Warren Calls On Buttigieg to Disclose His McKinsey Clients

Misyrlena Egkolfopoulou

(Bloomberg) -- Senator Elizabeth Warren called on her Democratic rival Pete Buttigieg to disclose the names of his consulting clients while working at McKinsey & Co. and “open the doors” of his fundraisers to the press.

Speaking to reporters at a Democratic National Committee fundraiser in Boston on Thursday, Warren also urged Buttigieg to release more details about the financing of his campaign. Buttigieg has moved into the top spot in many recent Iowa polls as Warren has slid.

“The mayor should be releasing who’s on his finance committee, who are the bundlers who are raising big money for him, who he’s given a title to and made promises to,” Warren said. “And he should open up the doors so that the press can follow the promises that he’s making in these big-dollar fundraisers.”

The Buttigieg campaign released the names of 23 bundlers for the first quarter to the Center for Public Integrity in April, but hasn’t made any disclosures since then.

While Buttigieg, the mayor of South Bend, Indiana, has raised money by holding fundraisers with donors from Wall Street and Silicon Valley, Warren has eschewed such events and relies on grassroots fundraising from mostly small-dollar donors.

Warren has largely shied away from criticizing other 2020 candidates by name, but she called on Buttigieg to release the clients he worked for as a consultant for McKinsey for nearly three years starting in 2007. Buttigieg says he signed a nondisclosure agreement when he left the firm in 2010, though he has released his tax returns covering his time there.

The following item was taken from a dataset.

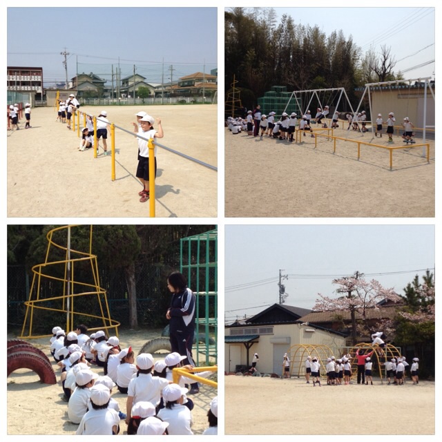 運動場で学年体育を行いました。クラスごとに、鉄棒、ブランコ、ジャングルジムなど、運動場にある遊具の使い方について学習しました。

“I think that voters want to know about possible conflicts of interest,” Warren said.

Warren was responding to a question about an article published by the New York Times Editorial Board on Thursday that called on Buttigieg to release the names of his clients at McKinsey.

Warren, who worked in the private sector during her tenure as a law professor at Harvard, has released the names of clients that she defended as a bankruptcy lawyer, but not her tax returns. In response to her comments, the Buttigieg campaign demanded that Warren release them.

“If Elizabeth Warren wants to have a debate about transparency, she can start by opening up the doors to the decades of tax returns she’s hiding from her work as a corporate lawyer - often defending the types of corporate bad actors she now denounces,” Lis Smith, Buttigieg’s senior communications adviser, wrote on Twitter.

(Michael Bloomberg is also seeking the Democratic presidential nomination. Bloomberg is the founder and majority owner of Bloomberg LP, the parent company of Bloomberg News.)